Thursday 14 March 2013

Een liefde en een eend

De rode eend was helemaal volgepakt. Op de achterbank lag een stapel jassen die niet meer in de achterbak had gepast. Er bovenop lagen boeken en knuffelbeesten.
Er was nog net plaats voor mijn bijna vierjarige dochter, een klein mollig poppetje met lichtblond krullend haar.
Ze had haar knuffeleend op haar knie en met gebogen hoofd zat ze tegen hem te praten. Die eend en zij waren onafscheidelijk.
Ik rende nog eenmaal naar binnen, keek om me heen, groette de katten en het konijn, en deed toen de deur achter mij op slot.
Mijn zus stapte achter het stuur en ik stapte naast haar in.
De deux chevaux wiegelde zoals het een echte eend betaamt even naar rechts en daarna naar links en hervond toen zijn balans.

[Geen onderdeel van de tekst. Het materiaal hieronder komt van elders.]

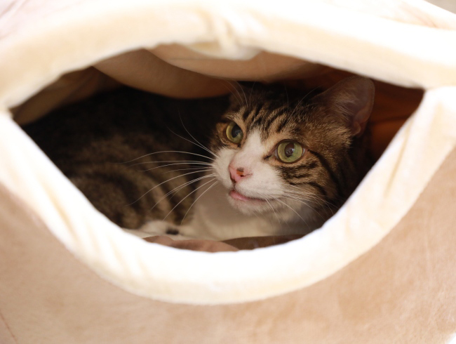 閉じ込められるのを不安に感じるのかどら焼きに入らなくなり現在はすっかりこちら。うらやましがりでアミ姐さんのニオイ好きのユウなのにアミお気に入りのテントベッドはなぜか、最近はつぶさなくなり借りに来たりもしていない様子。テントベッドに仕込んであるホットカーペットも
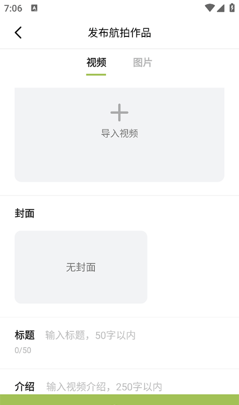 3、上传你拍摄的航拍作品、封面以及填写标题介绍等,完成后点击发布;

Toen gingen we op weg naar Frankrijk, naar het huis van mijn vader.
De weg duurde erg lang. Omdat we geen tol wilde betalen reden we alleen maar over binnenwegen en af en toe kwamen we vast te zitten achter een tractor of een groep wielrenners.
Halverwege brachten we de nacht door in een chambre d' hotes.
Ik miste je. We waren nog niet zo lang samen en ik voelde de afstand tussen ons knagen aan mijn hart.
Ik weet niet precies hoe lang het zou duren voor je ook zou komen, een paar dagen vermoed ik, maar jouw afwezigheid deed me naar adem happen.
Toen we ongeveer nog een uur van het huis van mijn vader verwijderd waren miste mijn zus een afslag en reden we verkeerd.
Plotseling bevonden we ons ongewild op weg naar Le Puy, de hoogste berg van de Auvergne. De weg was steil en onze zwaar beladen eend verloor steeds meer snelheid. We werden achter elkaar ingehaald door andere weggebruikers. Gefrustreerde Fransen die vloekend naar hun voorhoofd wezen terwijl ze ons toeterend passeerden.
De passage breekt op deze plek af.